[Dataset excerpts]

::::

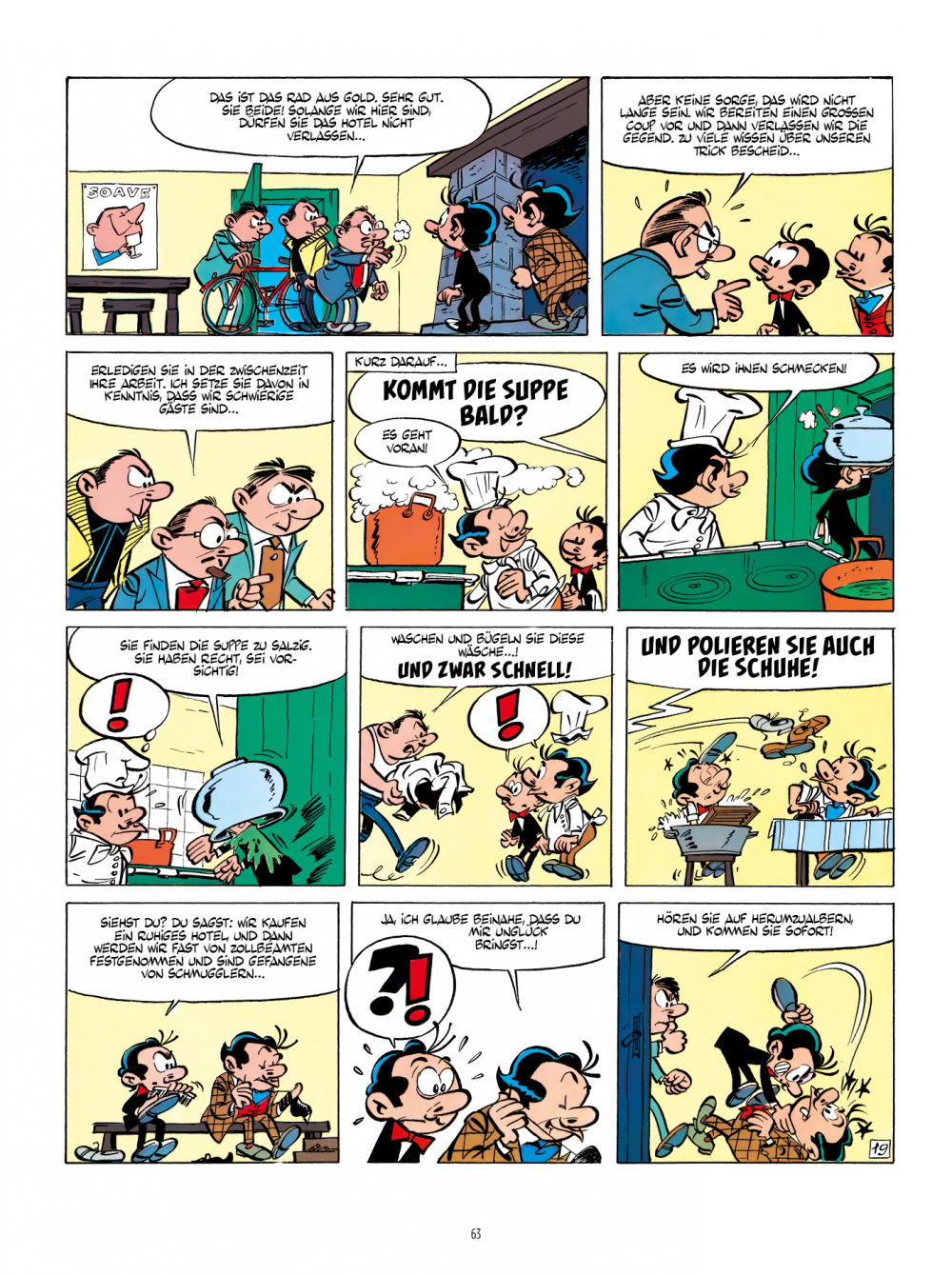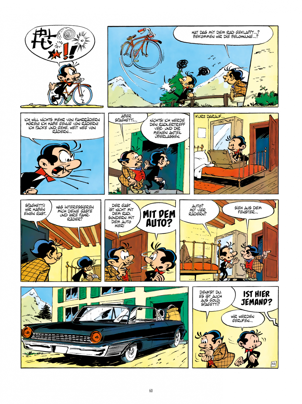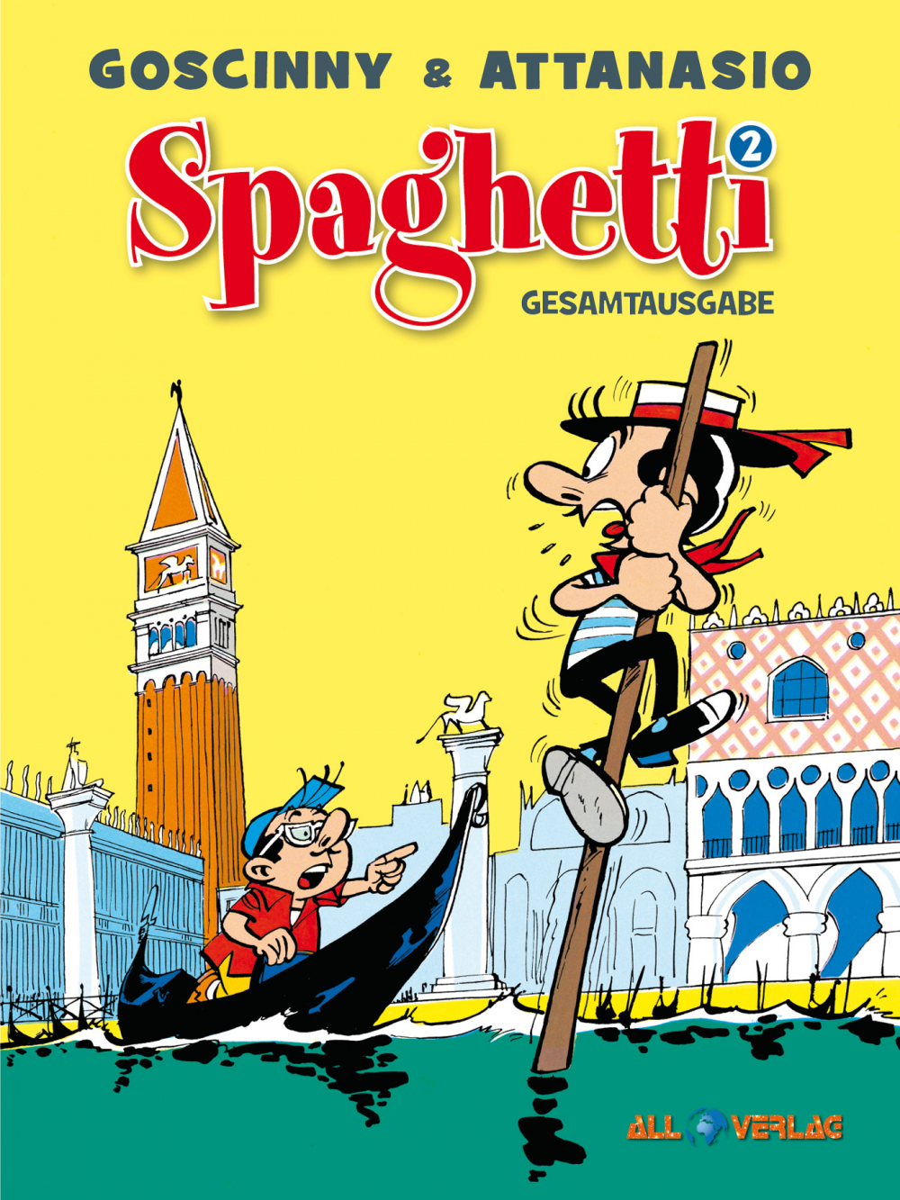 Dieser zweite Band der opulent aufgemachten Spaghetti-Gesamtausgabe präsentiert die in den Jahren 1961 und 1962 für das Journal de Tintin entstandenen albumlangen Geschichten, in denen sich der Titelheld und sein Cousin unter anderem als Betreiber eines sehr abgelegenen Hotels versuchen und in Venedig als ebenso verdeckte wie sangesfreudige Ermittler reüssieren.
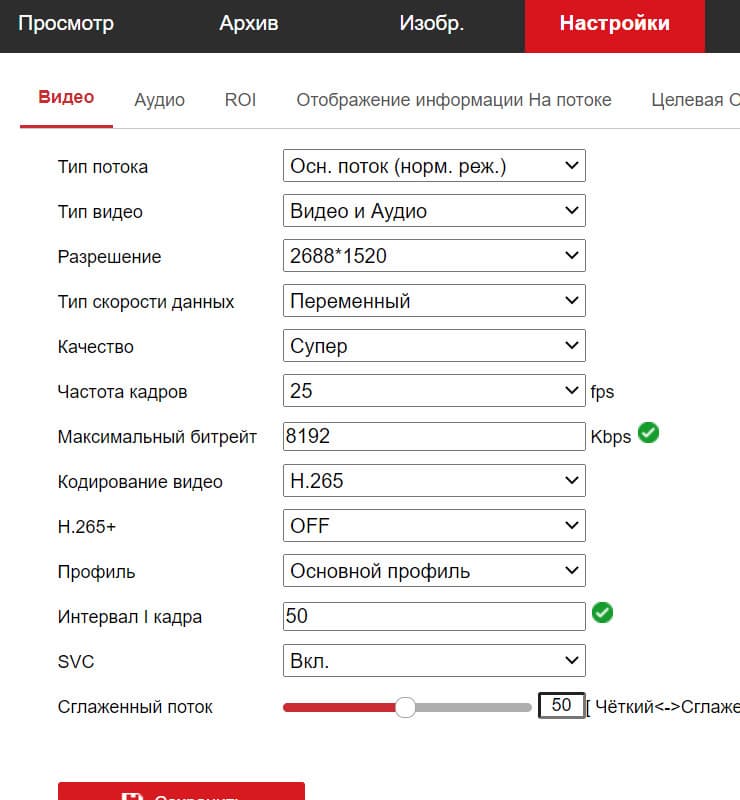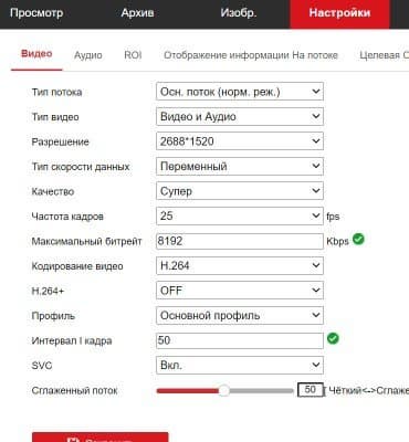 | Разрешение записи | 2 потока видео и аудио, 8 Мп/6 Мп/5 Мп/4 Мп/3 Мп/1080p/UXGA/720p/VGA/4CIF/DCIF/2CIF/CIF/QCIF |
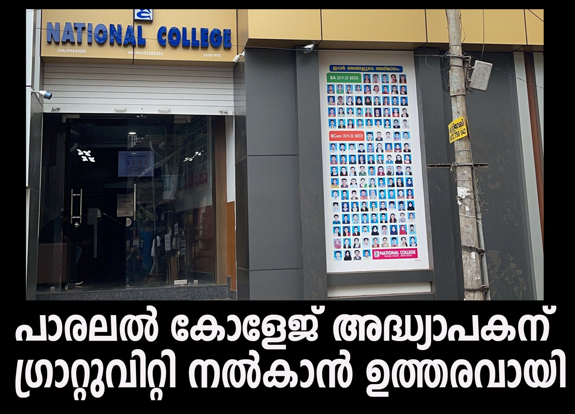 തളിപ്പറമ്പ്: പാരലല് കോളേജ് അദ്ധ്യാപകന് ഗ്രാറ്റുവിറ്റി നല്കാന് ഉത്തരവായി.
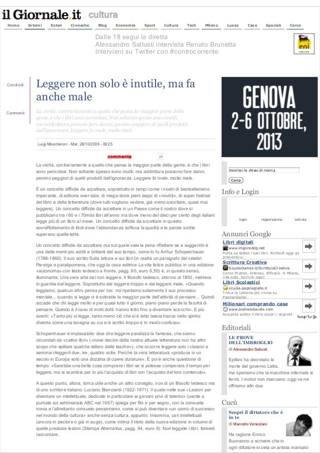 PDF Lettura Perché leggere, se leggere fa male?
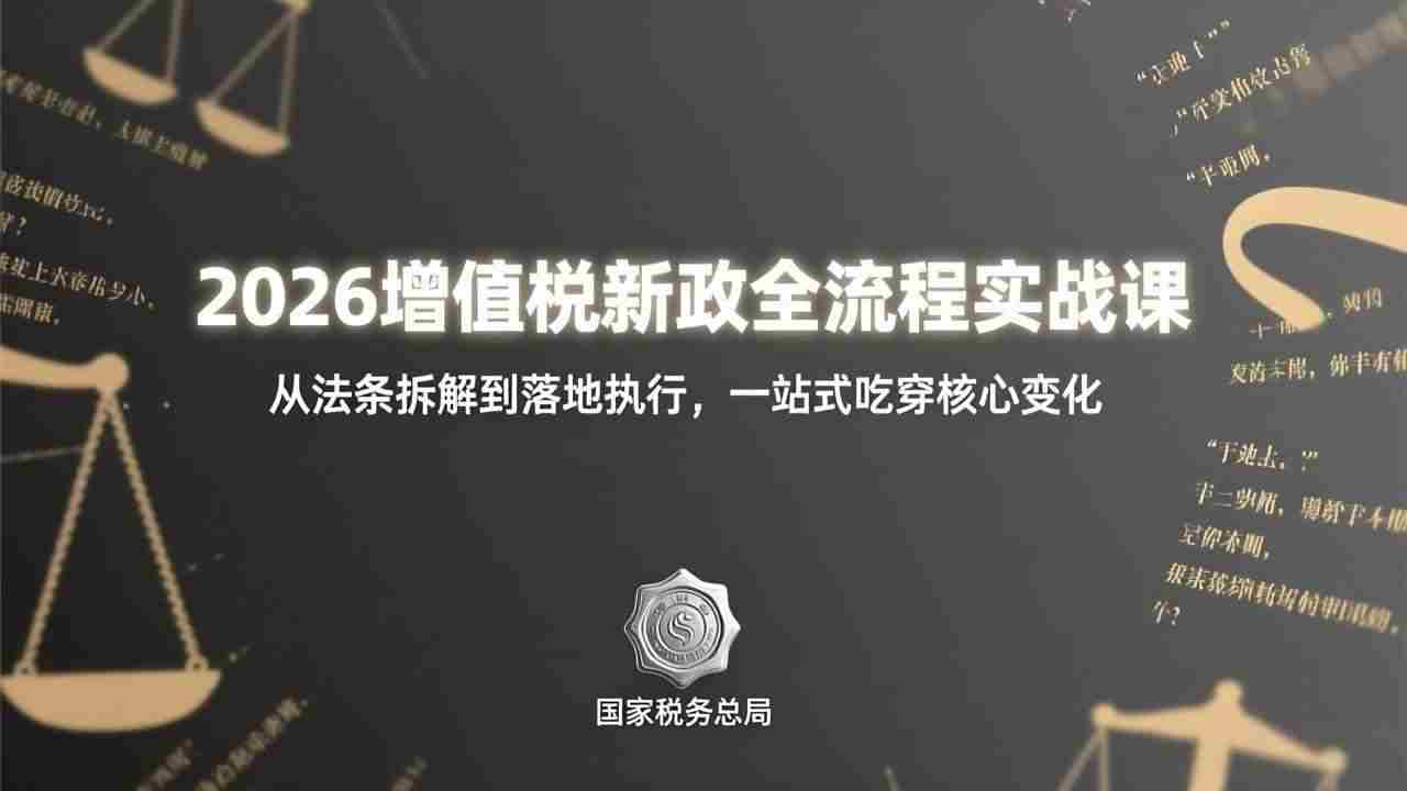 幸福网赚_逆风翻盘必备! » (17529期)2026增值税新政全流程实战课:从法条拆解到落地执行,一站式吃透核心变化
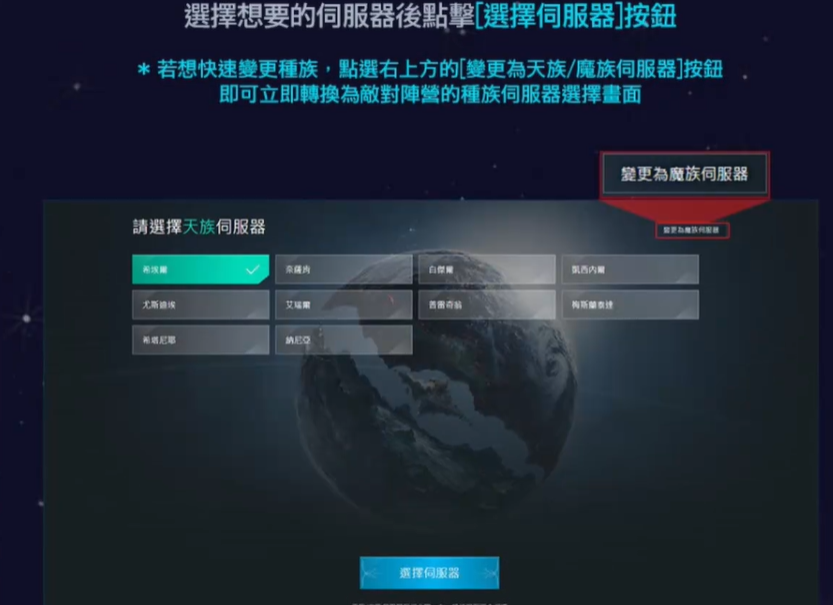 选定种族后接着选择服务器。要是之后想更换种族或服务器,可在右上角找到切换服务器的选项。
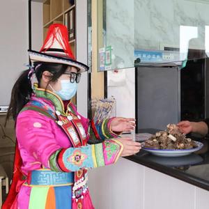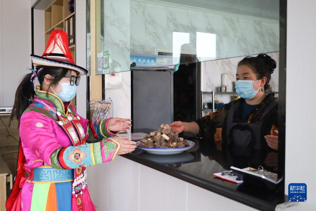 5月9日,在甘肅省張掖市肅南裕固族自治縣大河鄉西岔河村,裕固族村民在自家牧家樂(lè )為客人上菜。
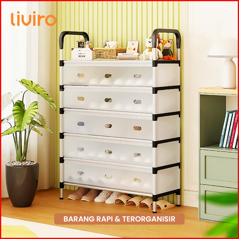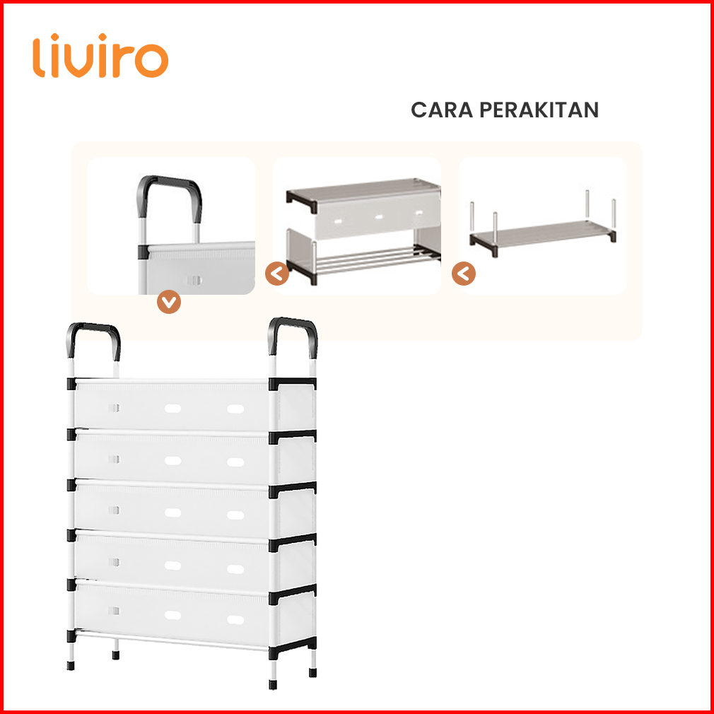 Liviro Rak Sepatu Modern Minimalis Anti Debu 6 Susun Rangka Stainless Kuat
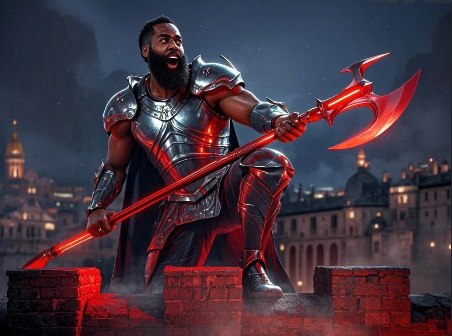【AI繪圖】50分!登哥身穿紅芒鎧甲手拿鉤戟站在城墻上怒吼
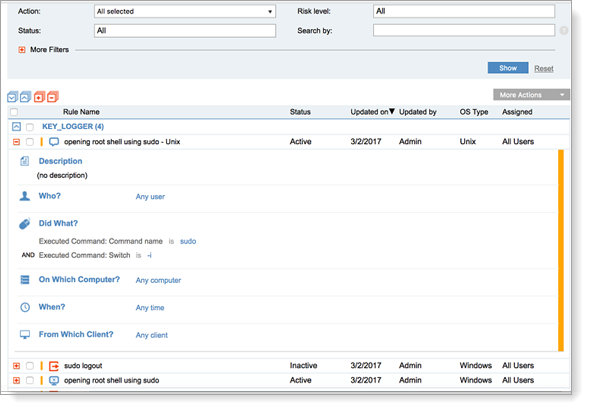 On Unix systems, you can generate alerts via key logging when users enter specific Unix commands or command line parameters (arguments). For example, you can alert on a user attempt to execute an action on sensitive file names, directory names, paths, and so on. For details, see Executed Command.
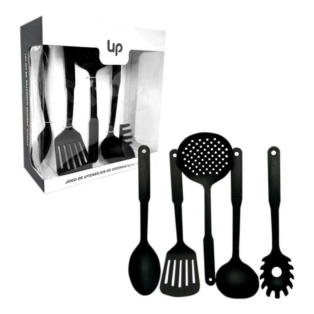 Se você está começando a montar sua cozinha ou busca um conjunto básico e funcional, este kit é uma ótima opção. Ele inclui uma espátula, colher, concha, escumadeira e pegador de massa, todos feitos de nylon seguro para uso em panelas antiaderentes.
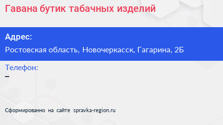 Гавана, бутик табачных изделий по адресу Ростовская область, Новочеркасск, Гагарина, 2Б в дальнейшем Организация, размещена в следующих категориях:
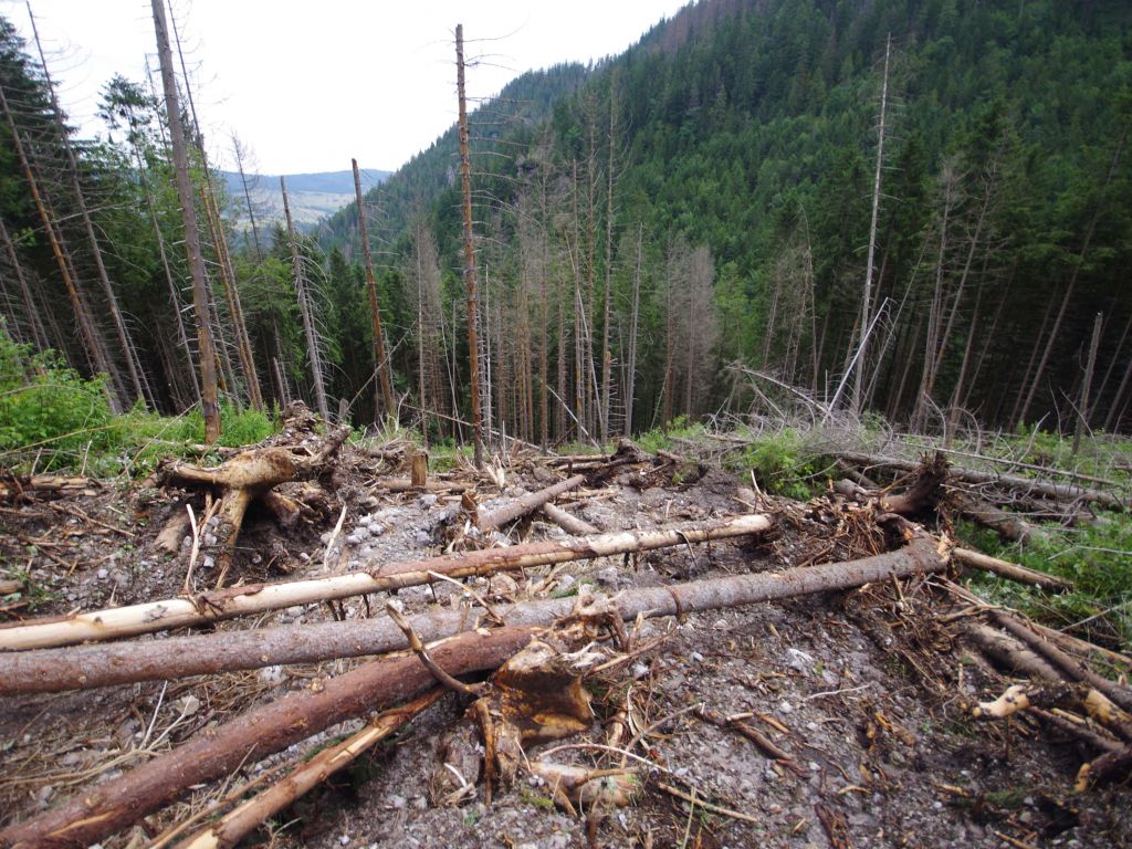 Preto sa sústredím na to, čo som videl a čo z toho vyplýva. Požiadal som Jána Slivinského, vedúceho správcu Polesia Javorina v TANAP-e, s ktorým som lokalitu navštívil. S dovolením Jána Slivinského som použil aj jeho fotografie. Na nich môžete vidieť poškodenie svahov stekajúcou dažďovou vodou, koľko mŕtveho dreva sa nachádza na miestach stekania dažďovej vody po svahoch.

::::

#### AIM OF THE EXERCISE
Please set down each line of the data above exactly as written, without the pictures.

#### ANSWER TO THE PROBLEM
 Dieser zweite Band der opulent aufgemachten Spaghetti-Gesamtausgabe präsentiert die in den Jahren 1961 und 1962 für das Journal de Tintin entstandenen albumlangen Geschichten, in denen sich der Titelheld und sein Cousin unter anderem als Betreiber eines sehr abgelegenen Hotels versuchen und in Venedig als ebenso verdeckte wie sangesfreudige Ermittler reüssieren.
 | Разрешение записи | 2 потока видео и аудио, 8 Мп/6 Мп/5 Мп/4 Мп/3 Мп/1080p/UXGA/720p/VGA/4CIF/DCIF/2CIF/CIF/QCIF |
 തളിപ്പറമ്പ്: പാരലല് കോളേജ് അദ്ധ്യാപകന് ഗ്രാറ്റുവിറ്റി നല്കാന് ഉത്തരവായി.
 PDF Lettura Perché leggere, se leggere fa male?
 幸福网赚_逆风翻盘必备! » (17529期)2026增值税新政全流程实战课:从法条拆解到落地执行,一站式吃透核心变化
 选定种族后接着选择服务器。要是之后想更换种族或服务器,可在右上角找到切换服务器的选项。
 5月9日,在甘肅省張掖市肅南裕固族自治縣大河鄉西岔河村,裕固族村民在自家牧家樂(lè )為客人上菜。
 Liviro Rak Sepatu Modern Minimalis Anti Debu 6 Susun Rangka Stainless Kuat
【AI繪圖】50分!登哥身穿紅芒鎧甲手拿鉤戟站在城墻上怒吼
 On Unix systems, you can generate alerts via key logging when users enter specific Unix commands or command line parameters (arguments). For example, you can alert on a user attempt to execute an action on sensitive file names, directory names, paths, and so on. For details, see Executed Command.
 Se você está começando a montar sua cozinha ou busca um conjunto básico e funcional, este kit é uma ótima opção. Ele inclui uma espátula, colher, concha, escumadeira e pegador de massa, todos feitos de nylon seguro para uso em panelas antiaderentes.
 Гавана, бутик табачных изделий по адресу Ростовская область, Новочеркасск, Гагарина, 2Б в дальнейшем Организация, размещена в следующих категориях:
 Preto sa sústredím na to, čo som videl a čo z toho vyplýva. Požiadal som Jána Slivinského, vedúceho správcu Polesia Javorina v TANAP-e, s ktorým som lokalitu navštívil. S dovolením Jána Slivinského som použil aj jeho fotografie. Na nich môžete vidieť poškodenie svahov stekajúcou dažďovou vodou, koľko mŕtveho dreva sa nachádza na miestach stekania dažďovej vody po svahoch.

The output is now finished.